### Provided information
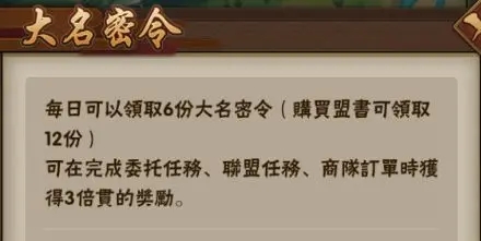 大名密令每天記得刷到上限之內(nèi),不然每天的免費密令領(lǐng)不了,勾選大名密令使用調(diào)遣軍令快速完成高等級委托是前期升級大頭,搭配盟書,武士薪俸,常勝戰(zhàn)旗特權(quán)使用能夠達到收益最大化,是日常游玩的一大助力。
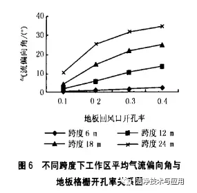 5、不同跨度下工作区平均气流偏向角与地板格栅开孔率的关系
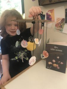 Then Mom cracked open a Kiwi Crate and we made a Solar System mobile! Not our Solar System tho, but one we made up on our own, with aliens and everything!
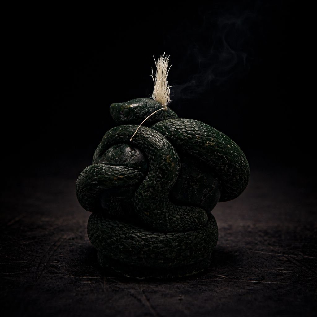 Свеча выполнена в форме змеи, символизируя трансформацию, защиту и силу. Змея ассоциируется с обновлением, изменениями и пробуждением внутренней энергии. Скрученная форма усиливает накопление энергии и защитный эффект. Зелёный цвет усиливает гармонию и исцеление. Подходит для периодов перемен и защиты.
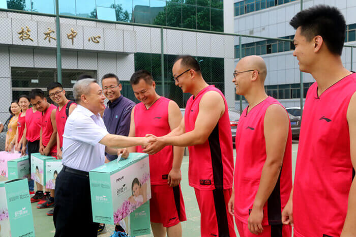 6月3日中午,上海佳允实业有限公司2016年职工篮球比赛上演巅峰对决。经过激烈比拼,职能销售队以56:22战胜东方科技,分别获冠亚军;瑞创达以37:21战胜变压器队获得季军,首次组队参赛的变压器队获得第四名。集团公司工会主席、党委副书记李成山为获奖团队颁奖。
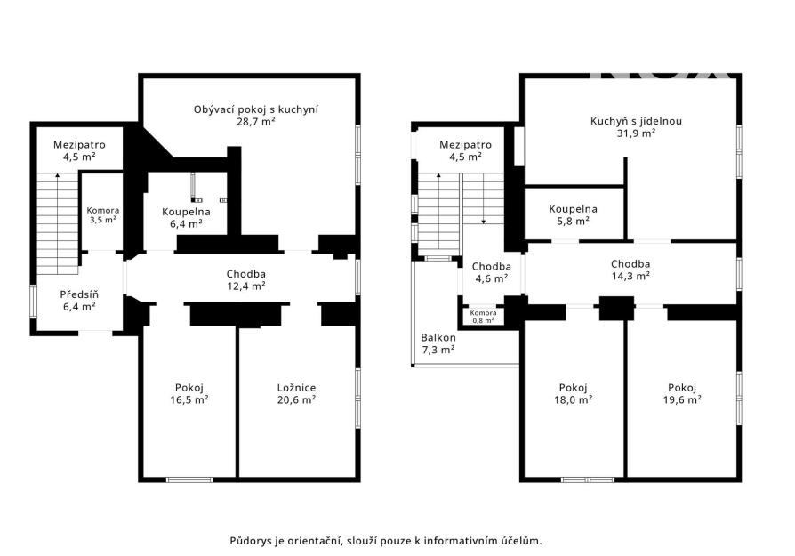 2. podlaží (106,8 m²): Moderní kuchyně s jídelnou (31,9 m²), dva velké pokoje (19,6 m² a 18,0 m²), koupelna, balkon (7,3 m²) a prostorná chodba.

### Requirement
Word for word, restate the lines from the line containing "6月3日中午,上海佳允实业有" through the end of the data, including the first and last of them. Pictures stay out.

### Problem solution
 6月3日中午,上海佳允实业有限公司2016年职工篮球比赛上演巅峰对决。经过激烈比拼,职能销售队以56:22战胜东方科技,分别获冠亚军;瑞创达以37:21战胜变压器队获得季军,首次组队参赛的变压器队获得第四名。集团公司工会主席、党委副书记李成山为获奖团队颁奖。
 2. podlaží (106,8 m²): Moderní kuchyně s jídelnou (31,9 m²), dva velké pokoje (19,6 m² a 18,0 m²), koupelna, balkon (7,3 m²) a prostorná chodba.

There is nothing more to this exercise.